Release: Parallels Server 4.5 Bare Metal

parallels logo

After an endless saga started in 2005, Parallels is finally ready to ship its bare-metal hypervisor: Parallels Server 4.5 Bare Metal.

Compared to the hosted version of Parallels Server, launched in June 2008, this edition (which jumps from version 1.0 to 4.5) actually installs on bare metal like competing hypervisors VMware ESX, Citrix XenServer, Microsoft Hyper-V and Oracle VM Server.
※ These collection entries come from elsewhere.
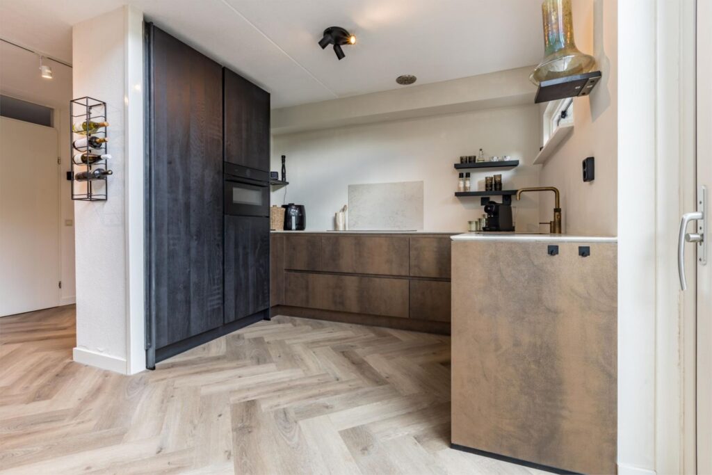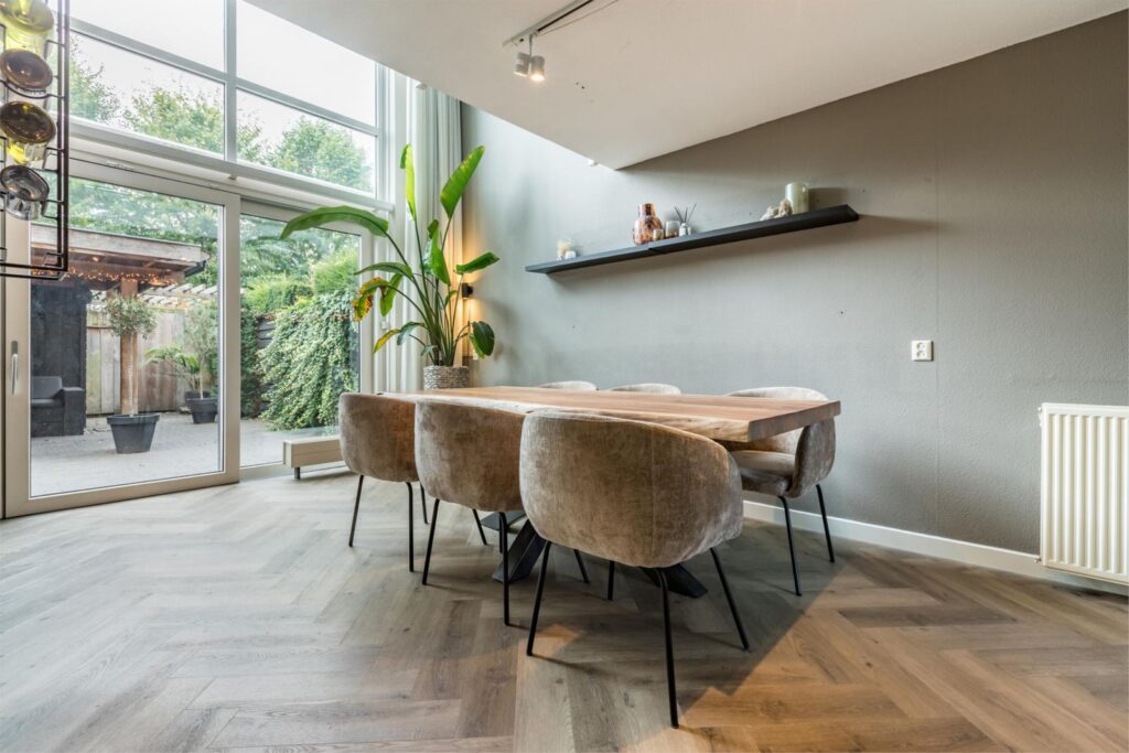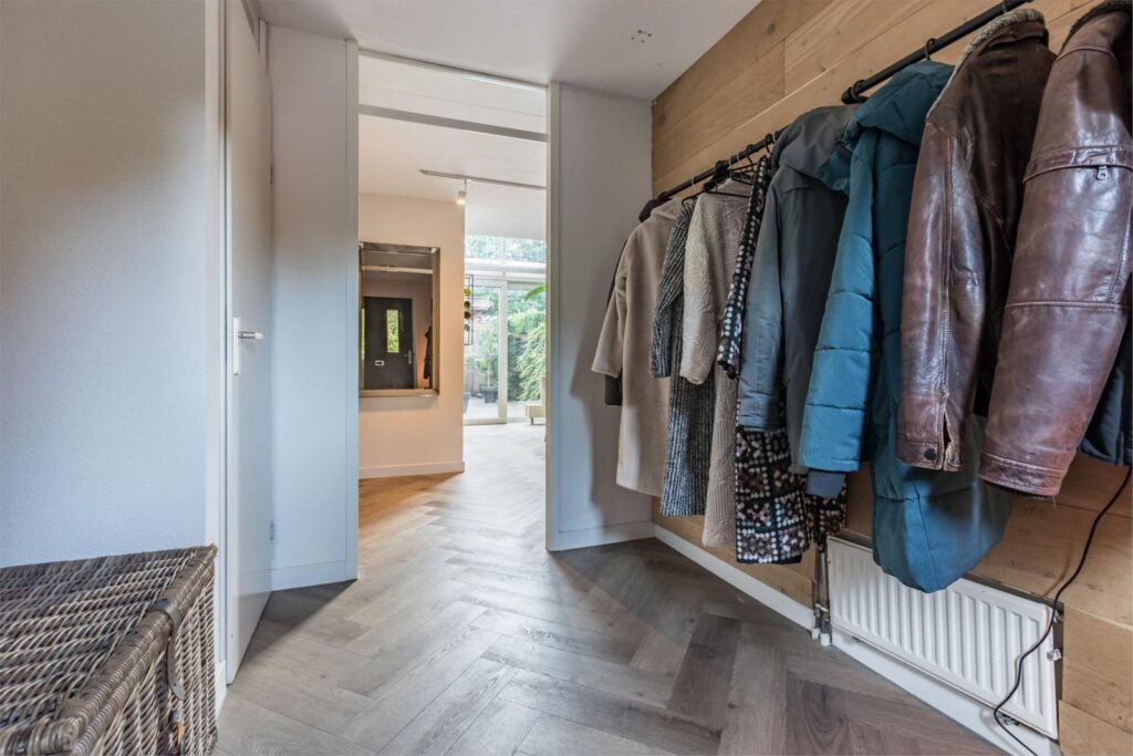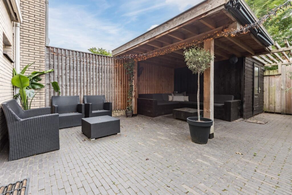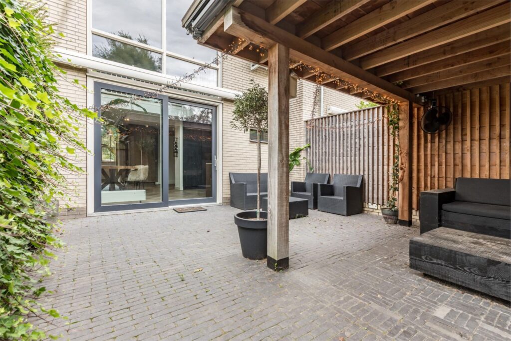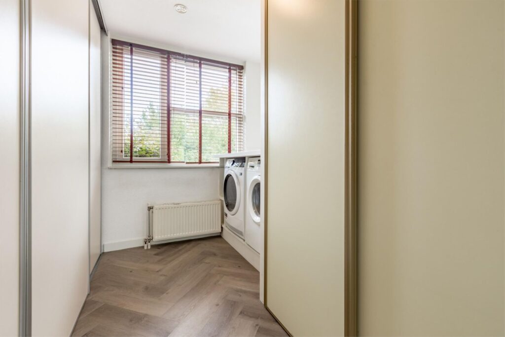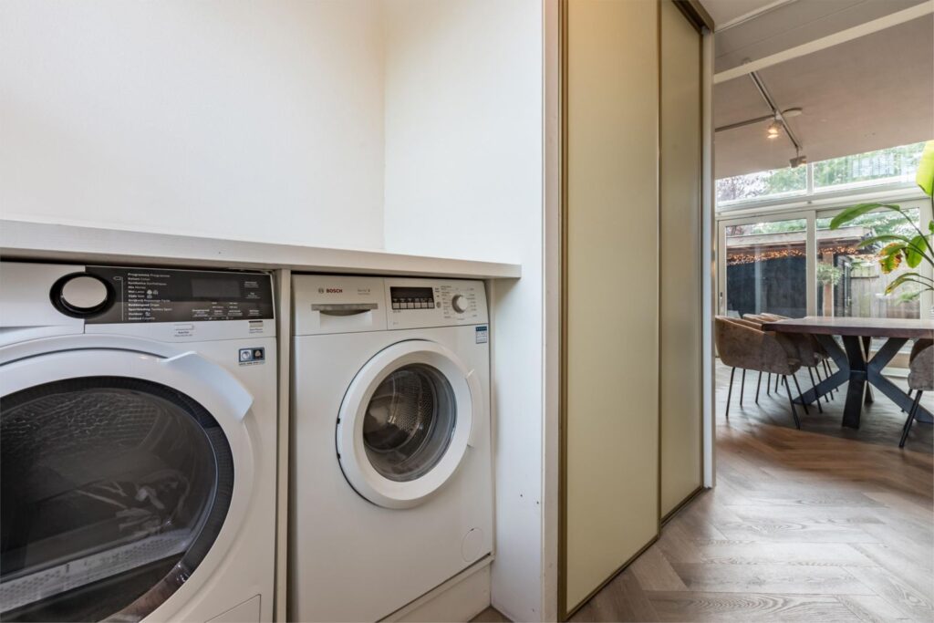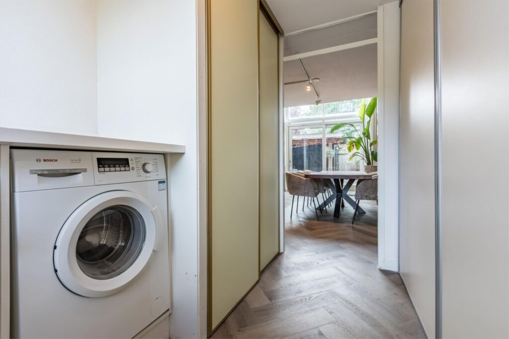 Via de schuifpui stap je zo de verzorgde achtertuin op het zuidwesten in. De bijkeuken biedt extra bergruimte en plaats voor de wasmachine en droger.
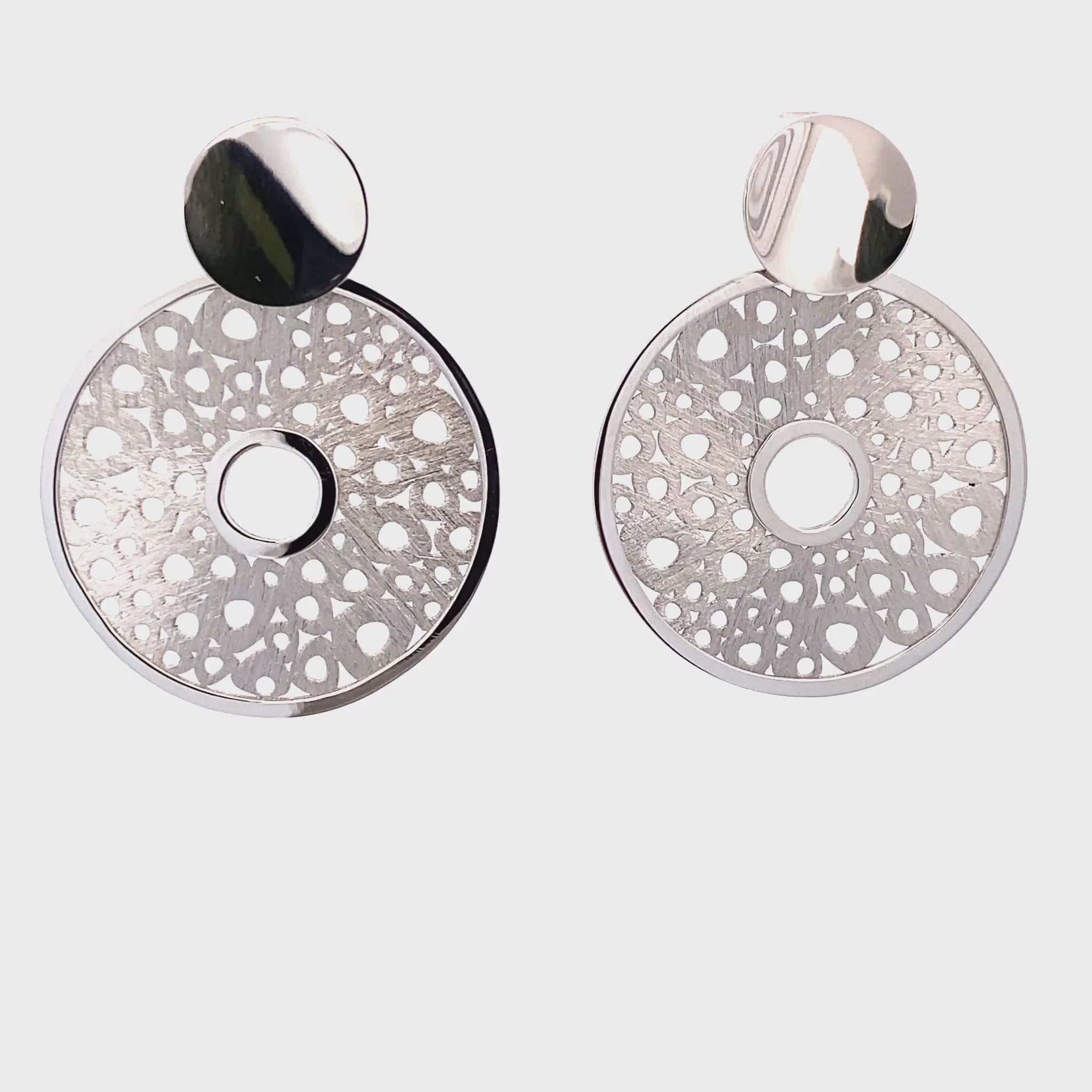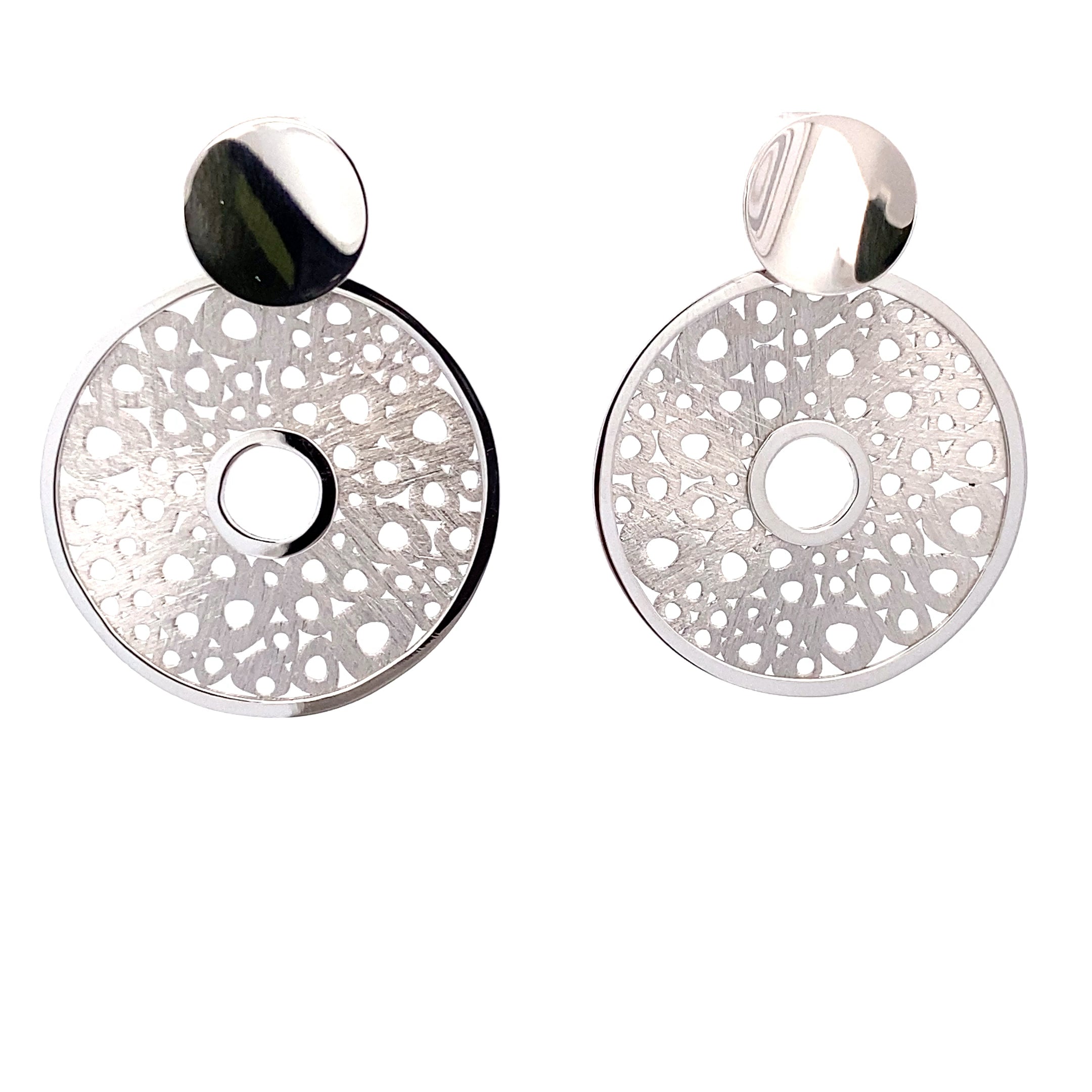 Silber- Ohranhänger rund mit filigranem Lochmuster
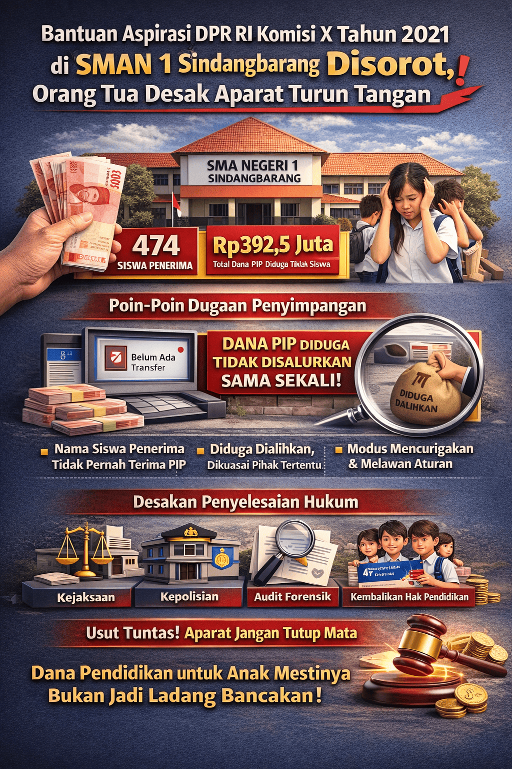 Atas dugaan tersebut, para orang tua siswa mendesak Dinas Pendidikan Provinsi Jawa Barat, Inspektorat, serta Aparat Penegak Hukum (APH) untuk segera melakukan audit menyeluruh dan penyelidikan serius terhadap pengelolaan dana PIP di SMA Negeri 1 Sindangbarang.

The hypervisor architecture is interesting and created a lot of confusion so far, to us and to other people that compare it to others type-1 VMM platforms:

ParallelsServerBM45_architecture

The diagram above doesn’t really clarify if the product installs Virtuozzo (indicated with the label Container) inside the hypervisor’s primary partition, or if it simply creates a separate logical volume in the hard drive where it installs a Linux flavor with Virtuozzo on top. 

Anyway Parallels Server 4.5 Bare Metal supports:

  • virtual machines with up to 12 vCPUs / up to 64GB vRAM / up to 2TB vHDDs  / up to 16 vNICs
  • Intel VT and VT-d, FlexPriority and EPT
  • AMD-V and Rapid Virtualization Indexing (RVI)
  • 32 and 64 bit guest OSes (including all flavors of Windows, Red Hat, SUSE, Debian and Ubuntu Linux, and even FreeBSD)
  • USB 2.0
  • virtual machines templates and snapshots
  • virtual machines live backups (just Windows and Linux guests)
  • cold Virtual-to-Virtual (V2V) migration between Parallels Servers Bare Metal hosts (VM to VM, or even VM-to-container / container-to-VM) and hot V2V migration (only for containers)
  • cold Physical-to-Virtual (P2V) migration from physical servers to virtual machines or containers
  • a local management console and a Command Line Interface (CLI) for most tasks within a single host
  • support for Parallels Virtual Automation (formerly Parallels Infrastructure Manager) for enterprise management

The price Parallels announced for this product seems to completely ignore that VMware, Citrix, Microsoft and Oracle are all offering competing and well-known platforms completely for free:

ParallelsServerBM45

The Advanced Edition may be interesting despite even at $1,500 per CPU because it bundles Virtuozzo, but Parallels decided to only offer the Linux version of it (and this may have something to do with the architecture described above).

We’ll see how well the market will receive this 5th hypervisor.